[Collected data entries]
========
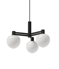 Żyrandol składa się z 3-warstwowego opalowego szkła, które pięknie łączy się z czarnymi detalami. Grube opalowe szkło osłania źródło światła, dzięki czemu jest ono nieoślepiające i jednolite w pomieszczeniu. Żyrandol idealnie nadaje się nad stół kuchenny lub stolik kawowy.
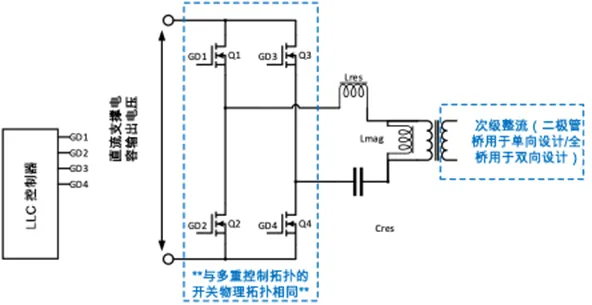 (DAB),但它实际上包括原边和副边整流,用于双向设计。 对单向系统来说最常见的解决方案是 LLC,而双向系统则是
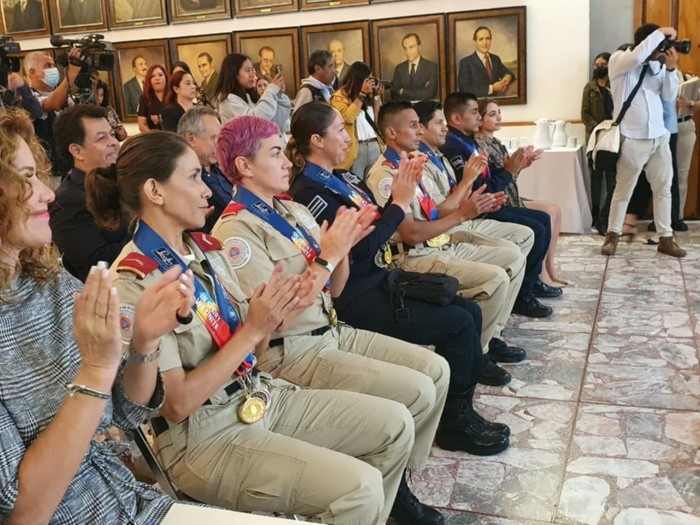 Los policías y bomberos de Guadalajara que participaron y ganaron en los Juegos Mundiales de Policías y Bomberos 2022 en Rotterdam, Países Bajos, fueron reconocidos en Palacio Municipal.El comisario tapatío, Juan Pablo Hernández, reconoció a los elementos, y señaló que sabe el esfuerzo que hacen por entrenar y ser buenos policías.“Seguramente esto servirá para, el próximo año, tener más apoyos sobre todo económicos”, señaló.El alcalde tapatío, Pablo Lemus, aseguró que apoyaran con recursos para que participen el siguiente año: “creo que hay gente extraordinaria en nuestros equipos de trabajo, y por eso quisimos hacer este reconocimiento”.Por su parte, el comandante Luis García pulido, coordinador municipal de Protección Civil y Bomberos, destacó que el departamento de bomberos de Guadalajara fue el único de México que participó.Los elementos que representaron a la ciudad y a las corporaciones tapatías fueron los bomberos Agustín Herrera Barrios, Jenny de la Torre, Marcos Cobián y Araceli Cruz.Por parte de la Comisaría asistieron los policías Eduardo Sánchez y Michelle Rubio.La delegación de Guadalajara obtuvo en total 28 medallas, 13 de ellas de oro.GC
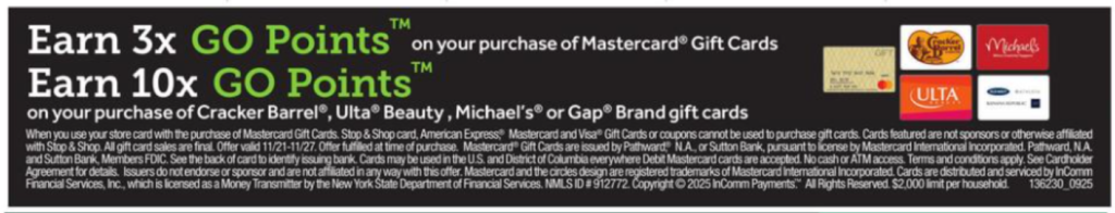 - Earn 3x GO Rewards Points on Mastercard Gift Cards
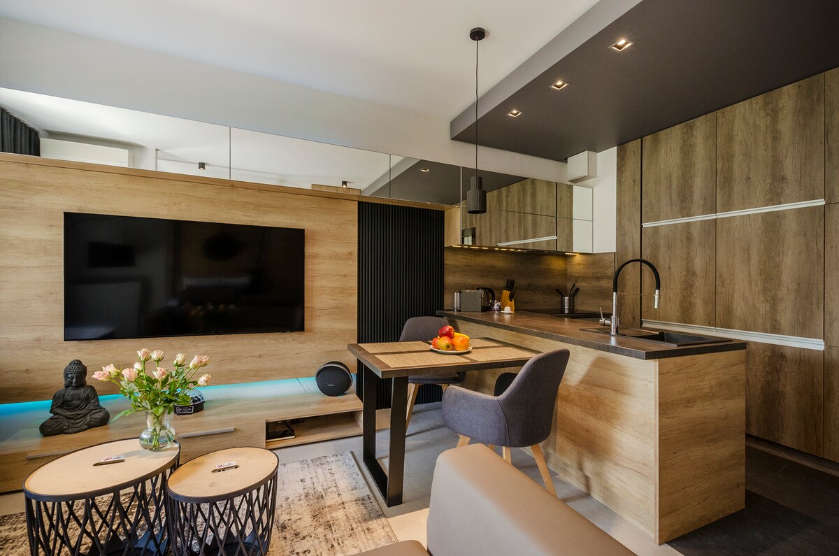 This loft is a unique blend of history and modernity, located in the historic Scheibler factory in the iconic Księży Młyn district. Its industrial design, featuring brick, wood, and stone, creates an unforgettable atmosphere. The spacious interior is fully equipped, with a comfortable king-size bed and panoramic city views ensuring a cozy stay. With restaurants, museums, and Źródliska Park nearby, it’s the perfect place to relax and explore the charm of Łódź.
========
*TASK INSTRUCTIONS:*
Do not include images; quote all of the entries above exactly.

*RESPONSE AREA:*
 Żyrandol składa się z 3-warstwowego opalowego szkła, które pięknie łączy się z czarnymi detalami. Grube opalowe szkło osłania źródło światła, dzięki czemu jest ono nieoślepiające i jednolite w pomieszczeniu. Żyrandol idealnie nadaje się nad stół kuchenny lub stolik kawowy.
 (DAB),但它实际上包括原边和副边整流,用于双向设计。 对单向系统来说最常见的解决方案是 LLC,而双向系统则是
 Los policías y bomberos de Guadalajara que participaron y ganaron en los Juegos Mundiales de Policías y Bomberos 2022 en Rotterdam, Países Bajos, fueron reconocidos en Palacio Municipal.El comisario tapatío, Juan Pablo Hernández, reconoció a los elementos, y señaló que sabe el esfuerzo que hacen por entrenar y ser buenos policías.“Seguramente esto servirá para, el próximo año, tener más apoyos sobre todo económicos”, señaló.El alcalde tapatío, Pablo Lemus, aseguró que apoyaran con recursos para que participen el siguiente año: “creo que hay gente extraordinaria en nuestros equipos de trabajo, y por eso quisimos hacer este reconocimiento”.Por su parte, el comandante Luis García pulido, coordinador municipal de Protección Civil y Bomberos, destacó que el departamento de bomberos de Guadalajara fue el único de México que participó.Los elementos que representaron a la ciudad y a las corporaciones tapatías fueron los bomberos Agustín Herrera Barrios, Jenny de la Torre, Marcos Cobián y Araceli Cruz.Por parte de la Comisaría asistieron los policías Eduardo Sánchez y Michelle Rubio.La delegación de Guadalajara obtuvo en total 28 medallas, 13 de ellas de oro.GC
 - Earn 3x GO Rewards Points on Mastercard Gift Cards
 This loft is a unique blend of history and modernity, located in the historic Scheibler factory in the iconic Księży Młyn district. Its industrial design, featuring brick, wood, and stone, creates an unforgettable atmosphere. The spacious interior is fully equipped, with a comfortable king-size bed and panoramic city views ensuring a cozy stay. With restaurants, museums, and Źródliska Park nearby, it’s the perfect place to relax and explore the charm of Łódź.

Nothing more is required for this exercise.